Astrolabe exposes a subcommand surface built on swift-argument-parser:
sudo .build/debug/MySetup # default: install daemon or run engine sudo .build/debug/MySetup install-daemon --force sudo .build/debug/MySetup uninstall-daemon sudo .build/debug/MySetup --help # lists every subcommand, including yours
Custom Commands
Consumer apps can register their own subcommands. When a registered command runs, Astrolabe takes no framework action -- no daemon install, no engine tick, no init() on your Astrolabe type, no onStart/onExit. Your command gets the process to itself.
Declare a command as an AsyncParsableCommand and add it to commands:
import Astrolabe import ArgumentParser @main struct MySetup: Astrolabe { var body: some Setup { Pkg(.catalog(.homebrew)) Brew("wget") } static var commands: [any AsyncParsableCommand.Type] { [Status.self, Logout.self] } } struct Status: AsyncParsableCommand { static let configuration = CommandConfiguration( commandName: "status", abstract: "Show what Astrolabe has installed." ) func run() async throws { for (identity, record) in AstrolabeState.payloads() { print("\(identity): \(record)") } } } struct Logout: AsyncParsableCommand { static let configuration = CommandConfiguration(commandName: "logout") @Flag(name: .shortAndLong) var force = false func run() async throws { // app-specific logic; Astrolabe does nothing on its own here } }
Invoke:
sudo .build/debug/MySetup status sudo .build/debug/MySetup logout --force sudo .build/debug/MySetup logout --help # per-subcommand help, auto-generated
@Argument, @Option, @Flag, validation, usage text, and --help come from swift-argument-parser — the framework's own install-daemon --force flag is declared the same way.

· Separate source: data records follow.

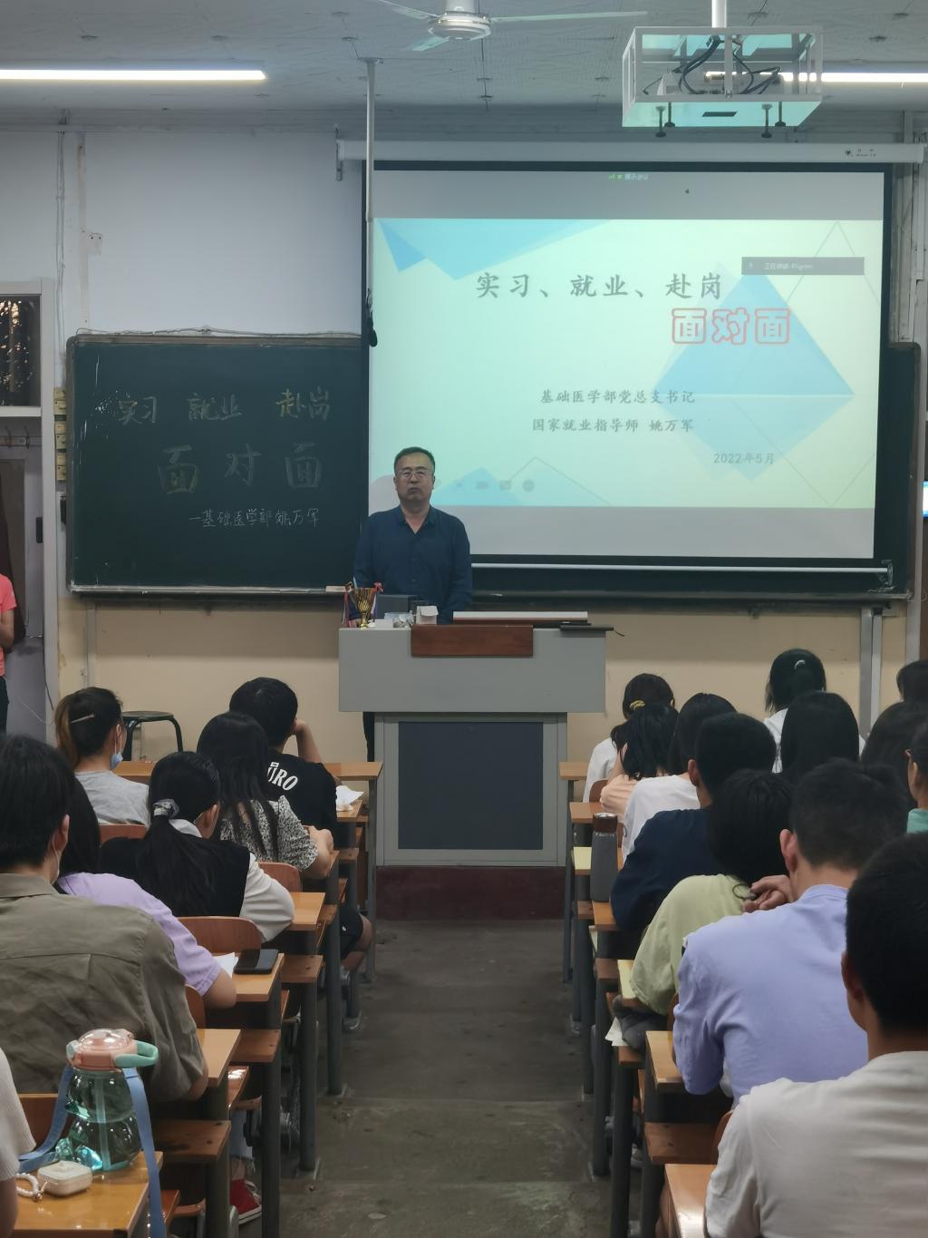 在实习和毕业交替之际,为进一步做好就业工作,使同学们更好地了解实习以及疫情形势下的就业形势与政策,促进同学们尽快适应新生活,实现从学校到临床的过渡,更好地践行个人职业规划,做好实习与就业准备,5月27日上午9时,基础医学部党总支书记姚万军走进即将奔赴实习的医学实验技术专业171901-4班,同时网络连线2022届毕业班171801-2同学, 线上线下同步作了“实习、就业、赴岗 面对面”专题讲座。171801-2班班主任董婧妍老师、171901-2班班主任李肃和辅导员张梦君参加。
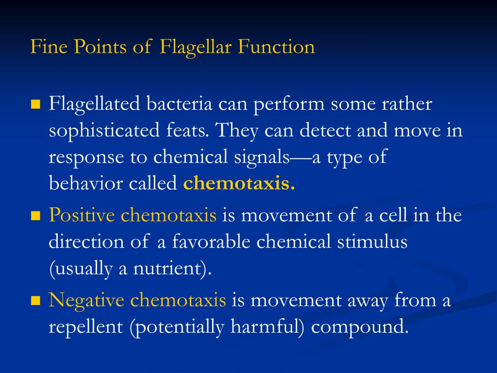 Fine Points of Flagellar Function • Flagellated bacteria can perform some rather sophisticated feats. They can detect and move in response to chemical signals—a type of behavior called chemotaxis. • Positive chemotaxis is movement of a cell in the direction of a favorable chemical stimulus (usually a nutrient). • Negative chemotaxis is movement away from a repellent (potentially harmful) compound.
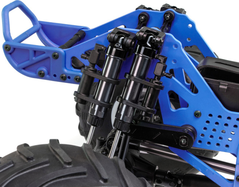Az amerikai monster truck RC modellje, a Losi LMT, új 2.0 verzióban, amely nemcsak a rajongókat, hanem a kezdő RC vezetőket is lenyűgözi, köszönhetően a DRIVE (Dynamic Response Intelligent Vehicle Envelope) elektronikus segédrendszernek - amely lehetővé teszi a könnyű vezetést hátsó és első kerekeken (wheelie, stoppie), sőt, akár két keréken oldalra is. A Drive rendszer három előre beállított üzemmódot kínál (Freestyle, Wheelie és Unlimited), amelyeket kényelmesen lehet váltani a távirányítón. Tapasztalja meg a saját bőrén az arénás vezetést, minden trükköt azonnal a kibontás után, előzetes tapasztalat nélkül. A modell megőrzi az előző generáció összes előnyét, mint például a nagy teljesítményű kefementes motort, a 4WD meghajtást, a licencelt karosszériát, a Spektrum elektronikát, és számos további fejlesztést ad hozzá.
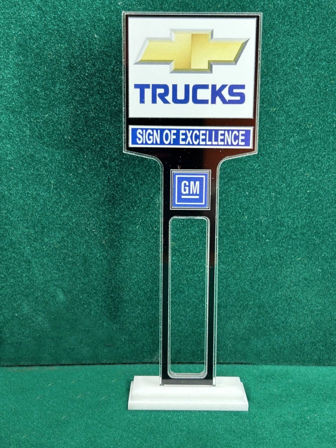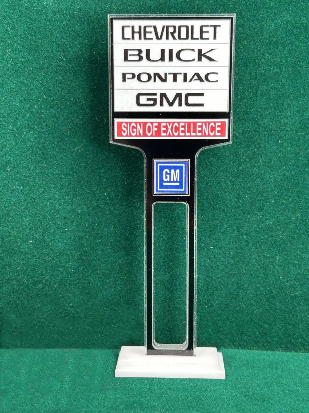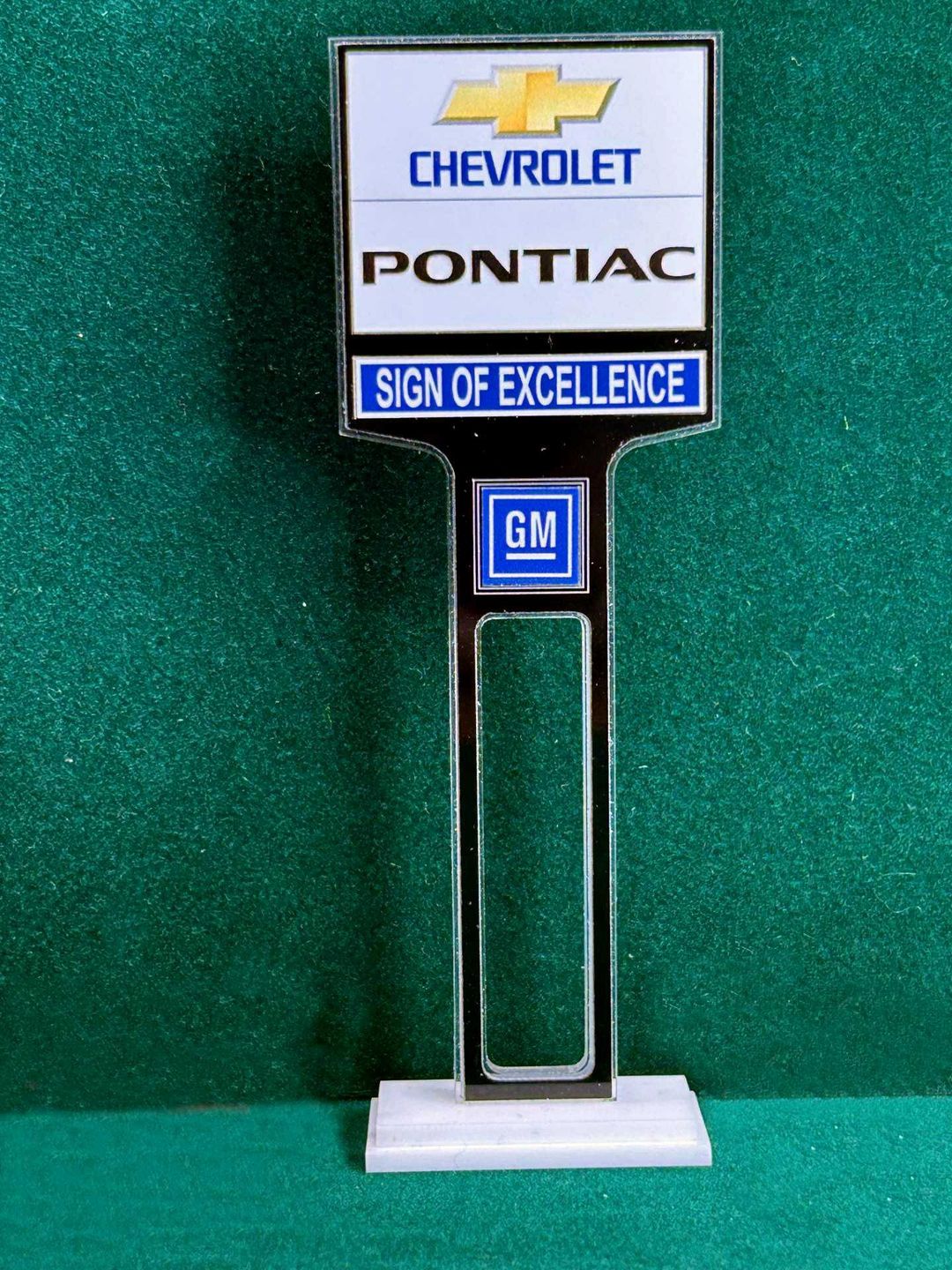 ** UNLESS OTHERWISE NOTED ** The Dealership Lot Signs consists of 1/8” thick, clear acrylic core with a black acrylic overlay on both sides. The base is double layer 1/8” white acrylic. Approximate Size of the Dealership Lot Sign is 6” tall and 2” wide / Approximate Size of the Base is 1.875” x 0.875”.The high resolution graphics are printed on automotive grade vinyl.
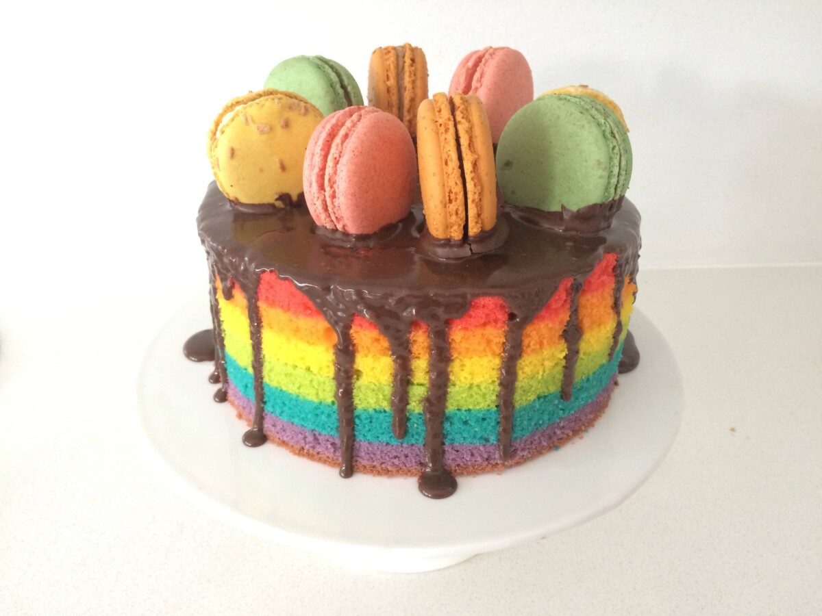 A super-easy Rainbow Steam Cake that comes out of the oven looking like this! That’s right, there’s no need to bake all those different coloured cakes separately & level layers! With this recipe, all you do is trim the edge and pour on the ganache. Really it is that simple!
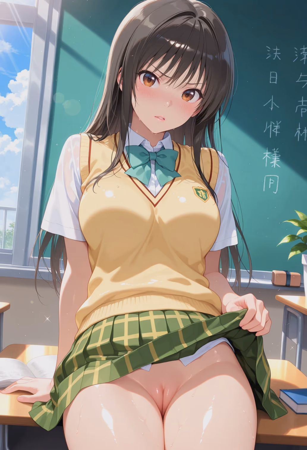 The rhythmic drumming of rain against the tall glass windows of Sainan High School provided a somber, rhythmic soundtrack to the late afternoon. Inside the disciplinary committee room, the atmosphere was thick with a different kind of intensity. Yui Kotegawa sat at her desk, her posture impeccably straight, her dark hair cascading perfectly over her shoulders.
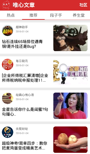 1、唯心文章,聚合各大“微信公众号文章”,涵盖:热点、新闻、段子手、八卦精、财经迷、汽车迷、科技咖、潮人帮、 辣妈帮、点赞党、旅行家、美食家、体育迷;
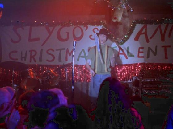 At 19:56, Damian Gryski, playing Juggling Dave, juggles 3 machetes in
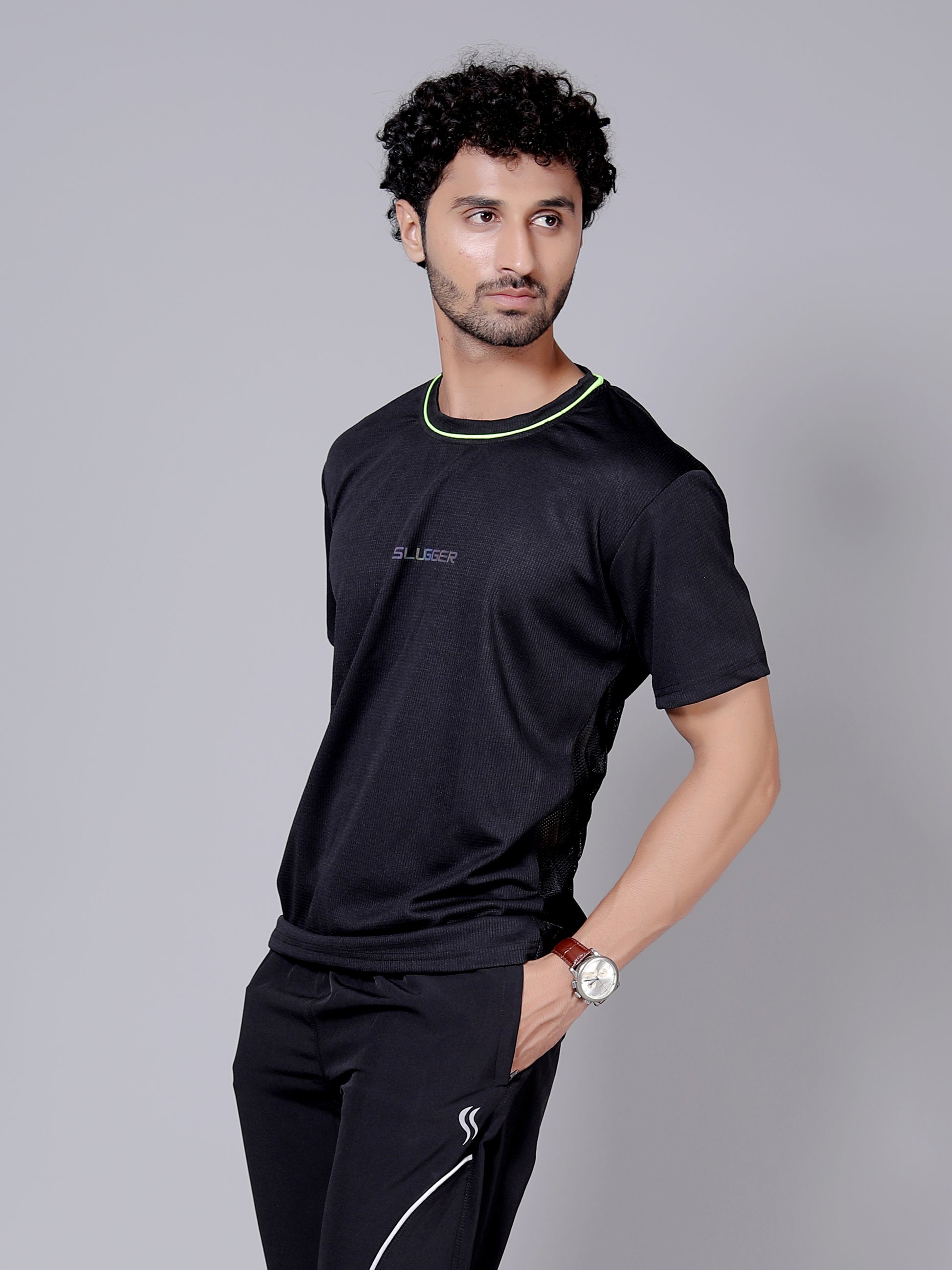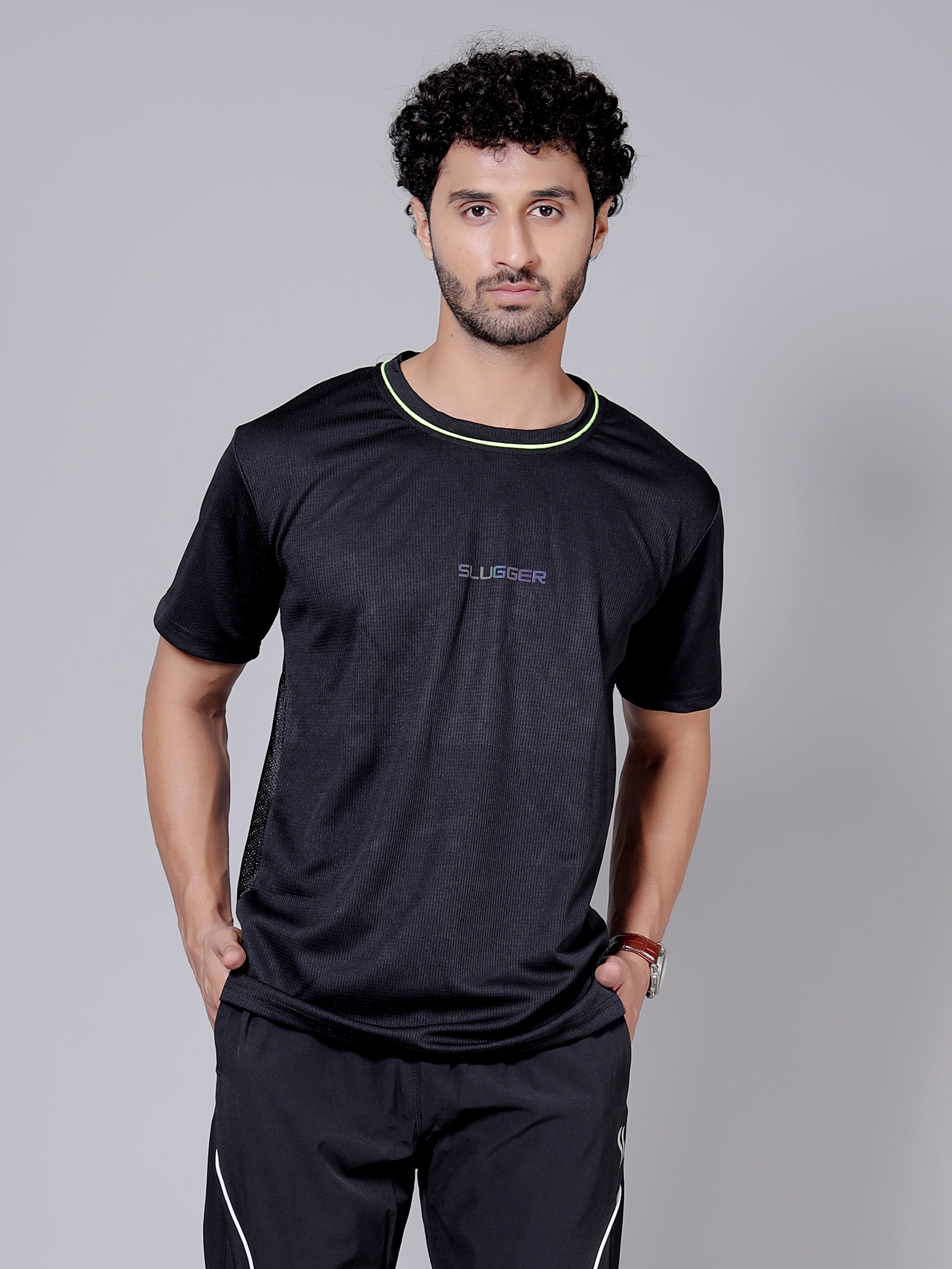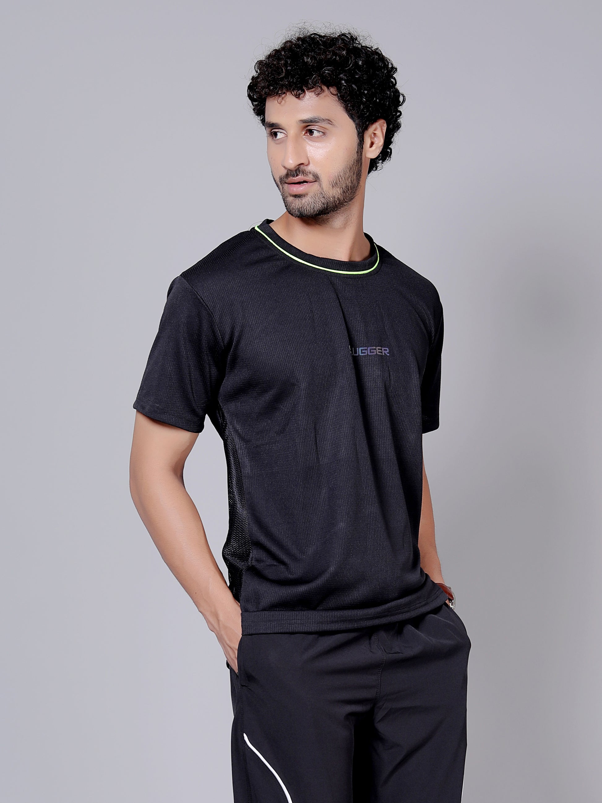 Neon black Dry fit workout T-shirt | Regular Fit & Round Neck

AstrolabeState exposes read-only accessors safe to call from a command (no engine required):
AstrolabeState.payloads() // [(NodeIdentity, PayloadRecord)] AstrolabeState.identities() // Set<NodeIdentity> AstrolabeState.storage("key", as: String.self) // T? — reads @Storage values
Examples
See the Examples/ directory:
- BasicSetup -- minimal configuration installing a few Homebrew packages
- ConditionalSetup -- declarations gated on environment values like enrollment status
- GroupModifiers -- applying retry policies and modifiers to groups of declarations
Design
See CONSTITUTION.md for the fundamental design decisions and invariants.